Letting go of my longest standing employee- who truly has done so much for us as a company, and that I care about


She has been with us for 5 years
She has a different mind- that gets frustrated with my mind
when asked about her job she gave very frustrating words like “nailing her down” (that’s me, her boss)
“putting the cart before the horse”
“squirrel manager”
“she sneaks around” (creating new processes without her approval)
She gets mad at me for new ideas
argues and disagrees with pretty much any idea I have for tracking
talks about. my personal stuff to other people
continually disrespecting me, and talking down to me to my other employees
saying things that annoy her to them, hoping they will also be annoyed with it?
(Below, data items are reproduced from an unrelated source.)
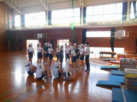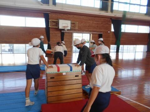 5年生は跳び箱運動。みんなで手際よく準備し、台上前転に取り組んでいました。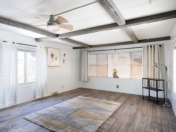 This beautiful single wide home has been lovingly updated with new flooring throughout the home, fresh paint, a new A/C, solar screens for the windows, a beautiful granite kitchen sink and Moen faucet, new ceiling fans and lighting and thermal black out blinds. There is also a perfect movable kitchen island that comes with the home! This 2 bedroom gem must be seen to appreciate its charm.
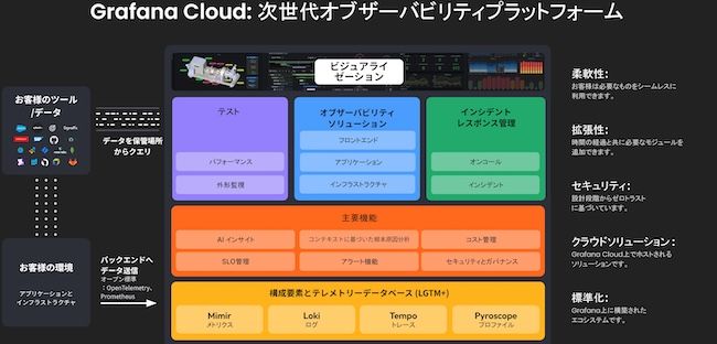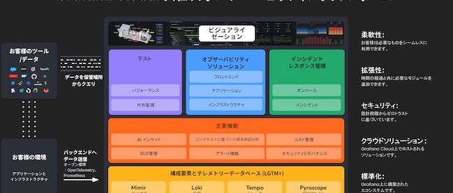 現在、同社はSaaSにも力を入れている。主力製品「Grafana Cloud」はメトリクス、ログ、トレース、ダッシュボードを1か所に統合し、アプリケーション・インフラ・サービス全体を包括的に監視できるオブザーバビリティプラットフォームで、「Grafana」「Loki」「Mimir」など同社が開発するOSSを基盤に構築されたフルマネージドのサービスだ。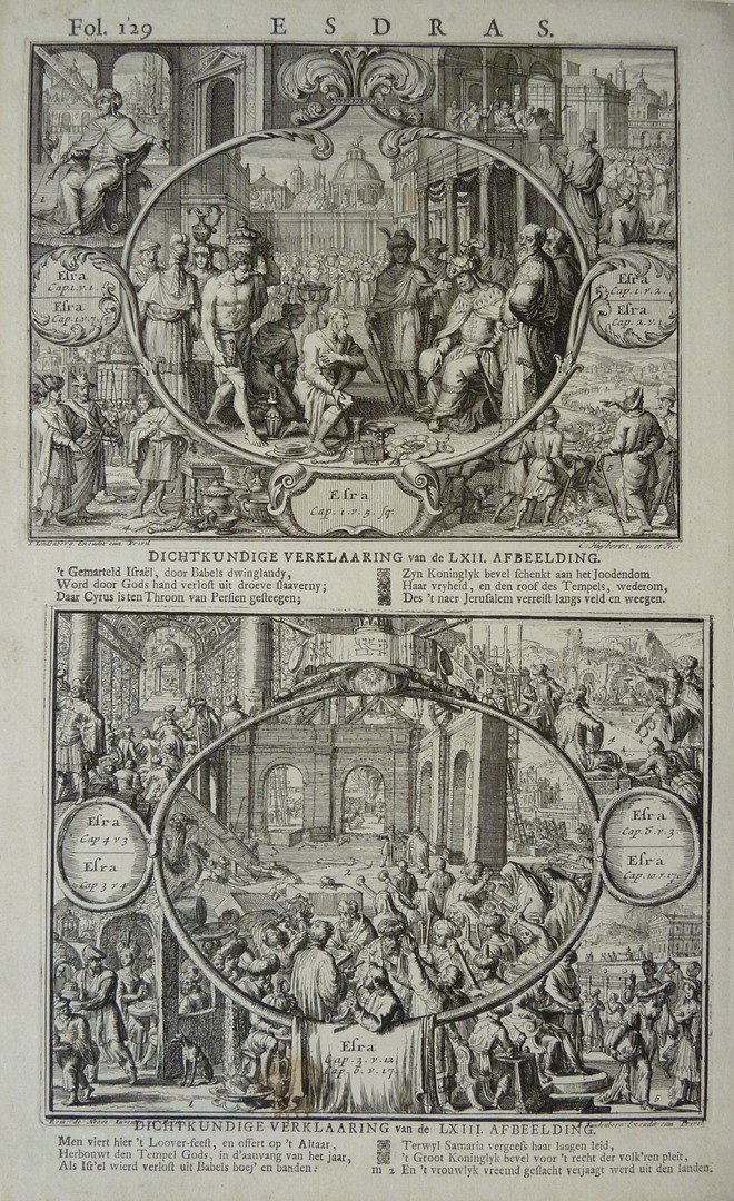 Serie 'Alle Voornaemste Historien .. Testaments': Aanvang herbouw van de tempel (Ezra 3:12)

This is DEFINITELY a thought.
She grabbed my shoulders with our interviewee sitting next to me and yelled at me because I didn’t do exactly what she wanted me to do
She can’t handle not having 100% control
but I miss the friendship we had
I am afraid she is going to retaliate
she already told me how she is going to tweak the non-compete, which she helped create…..and tried to pretend she didn’t understand it.
I feel betrayed.
I feel hurt.
I feel relieved.
I am grieving.
I am feeling lost in the “rollercoaster” of it all.

Biggest Thought:
She is Manipulative

C I let go of W
T W is manipulative
F Betrayal
A worry, feel nauseous, don’t workout- which I love, feel hungry when I’m not, binge eat – feel fat, start to wonder if I made the wrong decision
R depression, anxiety, nausea

C Let go of W
T She knew what actions she took that led to this decision
F grounded
A continue to make good decisions, continue to grow, find peace, ease, flow, allow, don’t worry about things, don’t care to control things it’s not even on my radar when I am feeling grounded
R more groundedness, more caring, more growth, more love, solid ground, more action from positive feelings- more positive outcomes.

I am 100% bouncing back and forth between these two models.
I am trying to tell myself there is no problem with that.
Of course, I am mourning her, but then I am mad that I am mourning her because she was truly an abusive relationship — even others told me so.
Ugh. All the feels.

I am not sure where to take it from here.